Price inflation is the evidence of currency devaluation. The CPI is not a real measure of price inflation. The CPI is methodically massaged – starting with the Arthur Burns Federal Reserve (it was his idea) – to hide the real degree of currency devaluation from all of the money that has been printed since 1971. The CPI report is little more than a tool for political propaganda. In addition, the Fed has made the public’s ability to measure the money supply considerably more difficult over the past 15 years. In 2006 the Bernanke Fed stopped reporting M3, the most accurate measure of the money supply. You can’t see M3 past March 2006. Why? Early in 2021, the Fed changed definitions of M1 and M2. Why? The Fed has done this to disguise the true amount of money supply that has been created over time.
The M2 money supply has increased at annualized rate of 20.2% Since February 2020. The M2 measurement is now 90% of GDP vs 44.4% at the beginning of 2000. Going into 2022, gold is considerably mispriced relative to the amount of currency that has been printed. And silver, at a gold/silver ratio of 79, is extraordinarily mispriced vs gold. Now that the Fed seems intent on tightening its monetary policy per the FOMC meeting minutes released last week, what happens to the price of gold when the Fed begins a rate hike cycle? I’ve mentioned this is the past, but Adam Hamilton, who publishes his Zeal Intelligence newsletter, did a statistical study which concluded that some of gold’s best rate of return periods going back to 1971 have occurred when the Fed goes into a rate hike cycle. The chart I prepared shows this:
Contrary to the mainstream narrative – seeded in ignorance, I might add – that gold moves inversely with interest rates, in the modern fiat monetary system gold rises when the Fed hikes the Fed funds rate. I’m sure you can find Hamilton’s piece using Google to get numerical specifics.
The rationale behind this is that, in every instance, when the Fed finally acknowledges that price inflation is a problem that needs to addressed with tighter monetary policy, flight to safety money moves into gold because the market has determined that the Fed is way behind the inflation curve and the start of a rate hike cycle is the signal to the market that inflation is going to get worse. Furthermore, the Fed will not act quickly enough to get ahead of the problem.

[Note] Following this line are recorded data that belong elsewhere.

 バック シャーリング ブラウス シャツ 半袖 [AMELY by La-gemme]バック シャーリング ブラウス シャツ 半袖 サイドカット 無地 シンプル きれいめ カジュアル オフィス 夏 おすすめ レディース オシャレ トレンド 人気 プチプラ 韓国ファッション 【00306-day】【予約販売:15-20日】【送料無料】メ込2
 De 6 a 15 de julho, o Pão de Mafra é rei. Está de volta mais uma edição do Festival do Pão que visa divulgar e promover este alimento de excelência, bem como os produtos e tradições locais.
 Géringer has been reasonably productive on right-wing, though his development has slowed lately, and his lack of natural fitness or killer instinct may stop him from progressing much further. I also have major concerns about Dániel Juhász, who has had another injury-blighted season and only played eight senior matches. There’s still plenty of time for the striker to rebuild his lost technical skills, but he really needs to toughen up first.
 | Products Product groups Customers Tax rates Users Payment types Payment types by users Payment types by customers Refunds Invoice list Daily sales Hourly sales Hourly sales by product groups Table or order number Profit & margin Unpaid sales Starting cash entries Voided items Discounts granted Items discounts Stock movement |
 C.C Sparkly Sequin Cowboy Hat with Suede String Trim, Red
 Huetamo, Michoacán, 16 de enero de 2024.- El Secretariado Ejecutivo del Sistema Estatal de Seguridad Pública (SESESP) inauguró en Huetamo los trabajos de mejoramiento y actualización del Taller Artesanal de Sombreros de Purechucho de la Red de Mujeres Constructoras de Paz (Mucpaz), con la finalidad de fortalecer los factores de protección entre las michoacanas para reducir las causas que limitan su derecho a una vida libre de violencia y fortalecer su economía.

Since the 1990’s, the Fed tends to start an interest rate hike cycle at a time when the economy is already rolling over. Gold’s price rise along with the Fed funds rate is the expectation that the Fed will have to cut its rate hike cycle well short of plan in an effort to re-stimulate the economy. You can see that in the chart above in which each rate hike cycle since the mid-1980’s gets shorter then is abandoned and reversed at a lower Fed funds rate.

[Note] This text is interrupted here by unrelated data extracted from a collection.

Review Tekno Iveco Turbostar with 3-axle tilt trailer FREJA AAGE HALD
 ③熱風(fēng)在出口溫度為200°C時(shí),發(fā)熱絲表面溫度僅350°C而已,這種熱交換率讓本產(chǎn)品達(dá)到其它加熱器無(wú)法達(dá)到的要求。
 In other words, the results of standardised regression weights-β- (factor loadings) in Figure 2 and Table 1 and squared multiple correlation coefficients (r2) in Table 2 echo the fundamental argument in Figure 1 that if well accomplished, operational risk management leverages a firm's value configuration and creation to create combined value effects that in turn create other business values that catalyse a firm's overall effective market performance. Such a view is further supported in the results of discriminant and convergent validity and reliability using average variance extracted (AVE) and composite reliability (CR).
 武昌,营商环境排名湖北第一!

To the extent that there’s weakness in the precious metals sector connected to the Fed’s shifting policy stance and the resultant blood bath in the stock market, I expect the weakness to be short-lived and the dynamic reflected in the chart above will kick-in. I also think that a severe economic recession will force the Fed to abandon its tightening stance by mid-2022 and resume its money printing and near-ZIRP monetary policies. This will serve as rocket fuel for the precious metals sector.